Nov 30, 2021 - World

Honduras elects first female president

Xiomara Castro, then-Presidential Candidate of the Libertad y Refundacion (Libre) Party, celebrates during general elections on November 28, 2021 in Tegucigalpa, Honduras.

Honduran President-elect Xiomara Castro, of the Libertad y Refundacion (Libre) Party, in Tegucigalpa, Honduras, on Sunday.
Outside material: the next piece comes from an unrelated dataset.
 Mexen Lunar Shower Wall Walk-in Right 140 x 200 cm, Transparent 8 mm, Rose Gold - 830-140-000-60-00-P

Photo: Inti Ocon/Getty Images

Former Honduras first lady Xiomara Castro is set to become the country's first female president, after the ruling party conceded defeat in the country's elections on Tuesday night, per AP.
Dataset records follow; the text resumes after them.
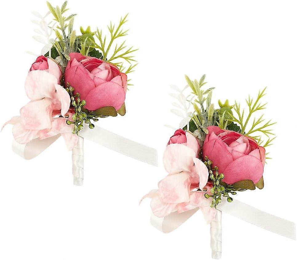 2Pcs Pink Rose Corsage Set with Green Leaves, Silk Flower Boutonniere Brooches & Ribbon for Bridesmaids, Groomsmen, Wedding, Prom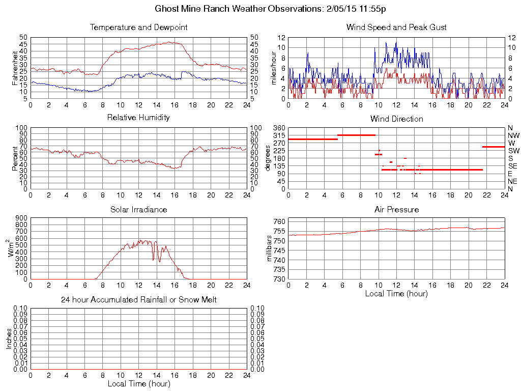 Temperature (F) 26.5 22.6 @ 06:25 46.6 @ 15:15 33.0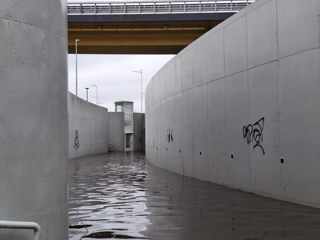 Klaipėdiečiai stebisi ir tuo, kad tvinsta naujoji požeminė perėja, įrengta rekonstruotoje Baltijos prospekto, Šilutės ir Vilniaus plentų sankryžoje.

Why it matters: The democratic socialist and her Libre Party have broken a 12-year run for the conservative National Party, which U.S. prosecutors alleged fostered a "narco-state," note Axios Latino's Marina E. Franco and Russell Contreras.

Details: The National Party's Tegucigalpa Mayor Nasry Asfura said in a statement that he had congratulated Castro "personally," with about half the votes counted, AP reports.
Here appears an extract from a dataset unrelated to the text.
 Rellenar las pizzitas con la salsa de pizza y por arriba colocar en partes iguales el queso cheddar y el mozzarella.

  • Castro had a 53% share of the votes and Asfura 34%, with 52% of the ballots counted, according to the National Electoral Council, which has 30 days to declare a winner from the day of the election.

What they're saying: U.S. Secretary of State Antony Blinken congratulated Castro soon after Asfura conceded the election.

  • "The United States congratulates the people of Honduras on their election and Xiomara Castro on her historic victory as Honduras’ first female president," Blinken said in a statement. "We look forward to working with the next government of Honduras."

The big picture: Castro will succeed President Juan Orlando Hernández, who's been embroiled in accusations of electoral fraud since the 2017 vote and could face the U.S. justice system after he leaves office in January, Franco and Contreras write.

  • Honduras has essentially been in turmoil practically since 2009, when her husband, then-president Manuel Zelaya, was ousted in a coup over a disagreement with Congress.
  • The country is in the grip of growing unemployment and a shrinking economy amid rising violence and entrenched crime, with officials accused of rampant corruption and of close ties to drug traffickers, per Franco and Contreras.